EXERCISE INSTRUCTIONS:
Find the line that holds "Темно-синяя хлопковая рубашка", then repeat it and each line below it word for word through the end of the listing, leaving out pictures.

RECORDS FOR THE TASK:
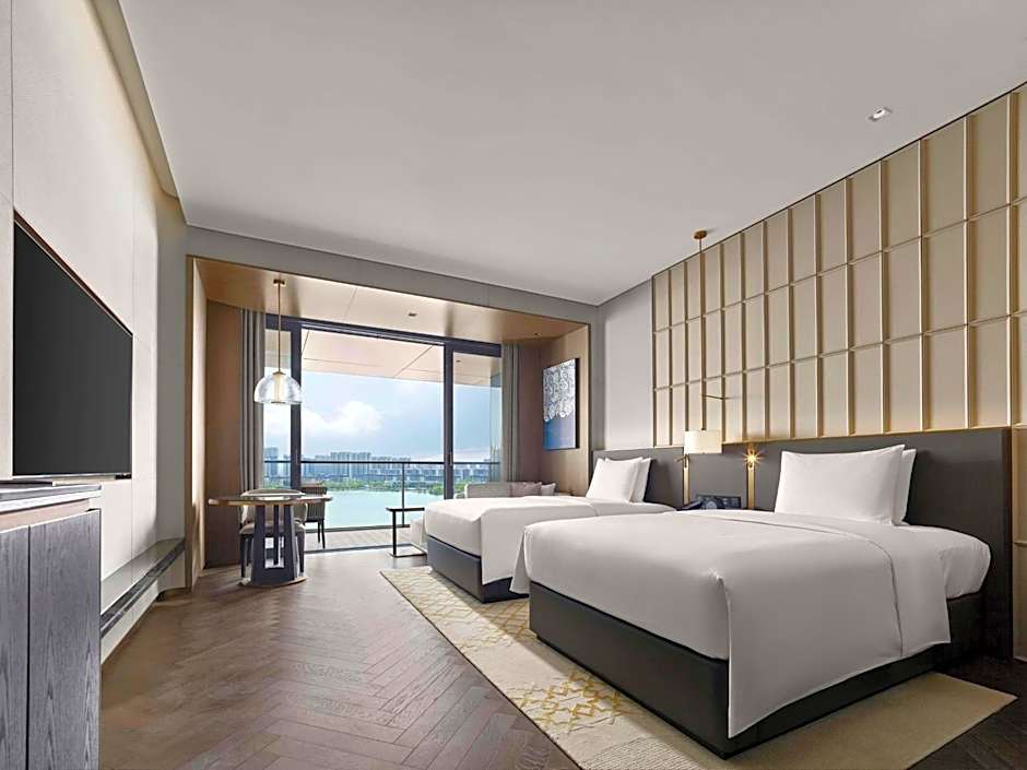 The suite's kitchenette, which features a refrigerator and a microwave, is available for cooking and storing food. The spacious air-conditioned suite provides a flat-screen TV with cable channels, a mini-bar, a tea and coffee maker, a seating area as well as lake views. The unit offers 2 beds.
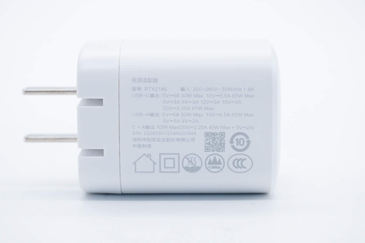 真我推出的这款67W氮化镓充电器采用白色机身,配合折叠插脚涉及,便携好用。充电器USB-C口支持67W PD快充和PPS快充,USB-A口支持OPPO私有65W快充,两个接口均可满足OPPO手机快充,同时USB-C接口支持对笔记本电脑充电,兼容性还是不错的。
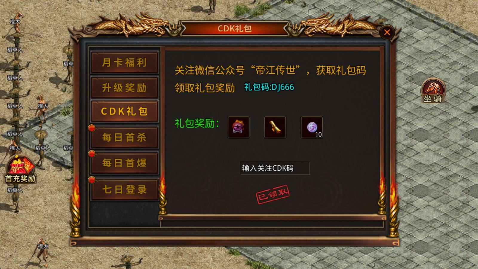 新手还能持续领取升级奖励、每日首杀、每日首爆等惊喜福利,装备、道具、元宝一应俱全,助力你前期轻松发育。
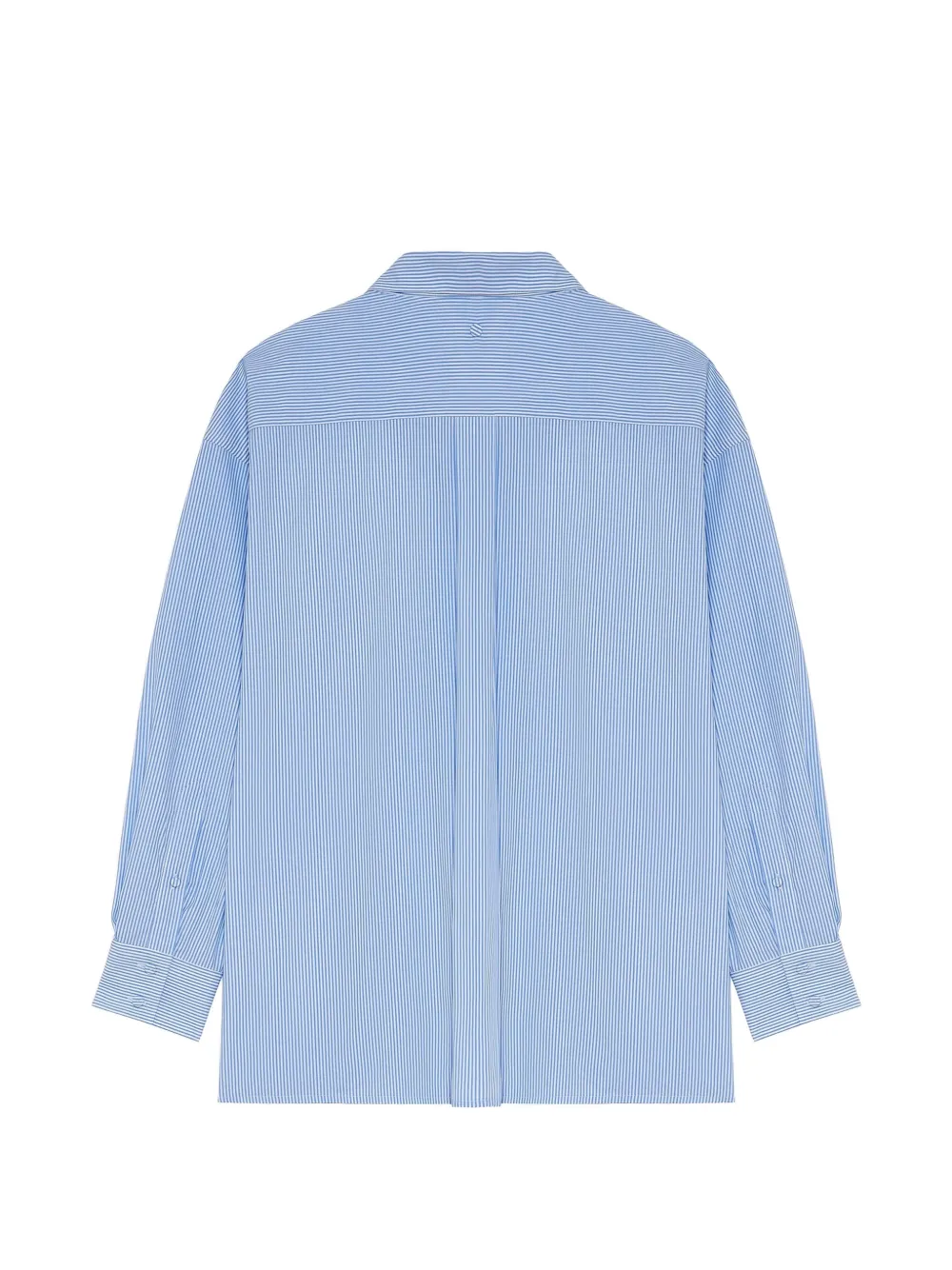 Темно-синяя хлопковая рубашка с полосатым узором, рукавами на пуговицах, застежкой на пуговицы спереди и длинными рукавами
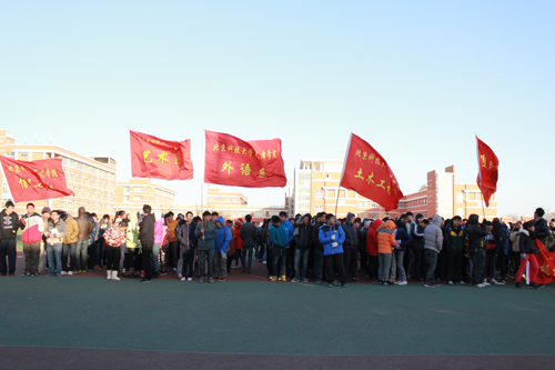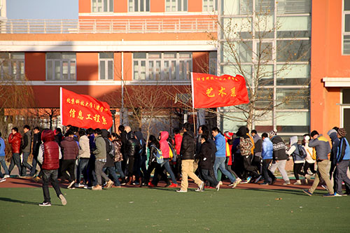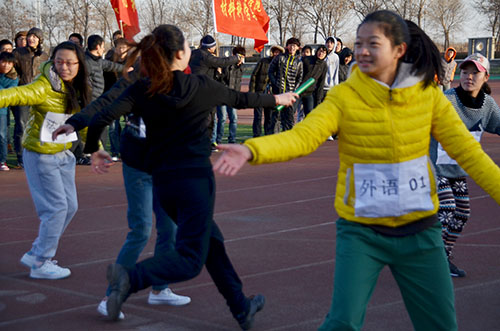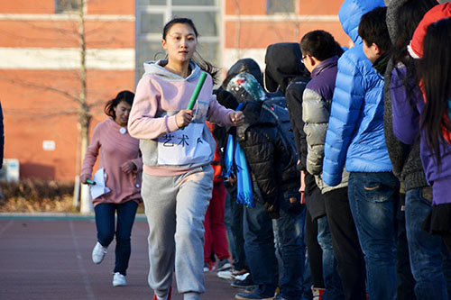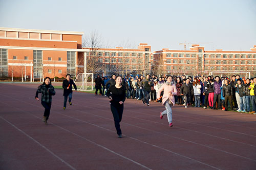 下午13::30,冬季长跑启动仪式正式开始,郭景文院长致辞并宣布北京科技大学天津学院2013年冬季长跑活动开始。一千余名同学绕操场开始长跑,拉开了我院学生冬季长跑活动的序幕。随后进行纪念一二.九运动长跑接力活动,来自学院各系的九支参赛队伍整装待发,每支参赛队由一名教师、6名男生和4名女生组成。在同学的助威呐喊声中长跑接力正式开始,第一棒由各系教师领跑前50米,之后接力棒交给各系代表队队员。经过近四十分钟的激烈角逐,土木系荣获第一名,艺术系获得第二名,管理系获第三名,材料系和外语系获得“精神文明奖”。
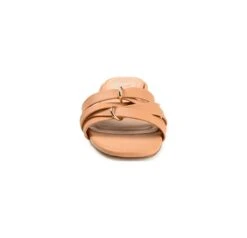 - Faux leather upper in a slide sandal style with an open toe.

SOLVED PROBLEM:
 Темно-синяя хлопковая рубашка с полосатым узором, рукавами на пуговицах, застежкой на пуговицы спереди и длинными рукавами
 下午13::30,冬季长跑启动仪式正式开始,郭景文院长致辞并宣布北京科技大学天津学院2013年冬季长跑活动开始。一千余名同学绕操场开始长跑,拉开了我院学生冬季长跑活动的序幕。随后进行纪念一二.九运动长跑接力活动,来自学院各系的九支参赛队伍整装待发,每支参赛队由一名教师、6名男生和4名女生组成。在同学的助威呐喊声中长跑接力正式开始,第一棒由各系教师领跑前50米,之后接力棒交给各系代表队队员。经过近四十分钟的激烈角逐,土木系荣获第一名,艺术系获得第二名,管理系获第三名,材料系和外语系获得“精神文明奖”。
 - Faux leather upper in a slide sandal style with an open toe.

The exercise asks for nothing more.